All of lore.kernel.org
 help / color / mirror / Atom feed
From: Ingo Molnar <mingo@kernel.org>
To: linux-kernel@vger.kernel.org
Cc: linux-mm@kvack.org, Andy Lutomirski <luto@amacapital.net>,
	Andrew Morton <akpm@linux-foundation.org>,
	Denys Vlasenko <dvlasenk@redhat.com>,
	Brian Gerst <brgerst@gmail.com>,
	Peter Zijlstra <peterz@infradead.org>,
	Borislav Petkov <bp@alien8.de>, "H. Peter Anvin" <hpa@zytor.com>,
	Linus Torvalds <torvalds@linux-foundation.org>,
	Oleg Nesterov <oleg@redhat.com>,
	Thomas Gleixner <tglx@linutronix.de>,
	Waiman Long <Waiman.Long@hp.com>
Subject: [PATCH 05/12] mm: Introduce arch_pgd_init_late()
Date: Sat, 13 Jun 2015 11:49:08 +0200	[thread overview]
Message-ID: <1434188955-31397-6-git-send-email-mingo@kernel.org> (raw)
In-Reply-To: <1434188955-31397-1-git-send-email-mingo@kernel.org>

Add a late PGD init callback to places that allocate a new MM
with a new PGD: copy_process() and exec().

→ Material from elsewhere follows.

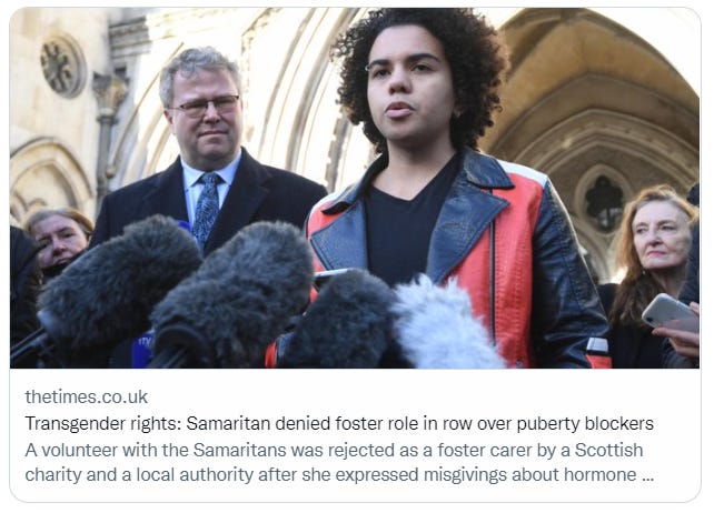 THE SUNDAY TIMES: A Samaritan volunteer was rejected as a foster parent for expressing concern about the use of puberty blockers.

The purpose of this callback is to allow architectures to implement
lockless initialization of task PGDs, to remove the scalability
limit of pgd_list/pgd_lock.

Architectures can opt in to this callback via the ARCH_HAS_PGD_INIT_LATE
Kconfig flag. There's zero overhead on architectures that are not using it.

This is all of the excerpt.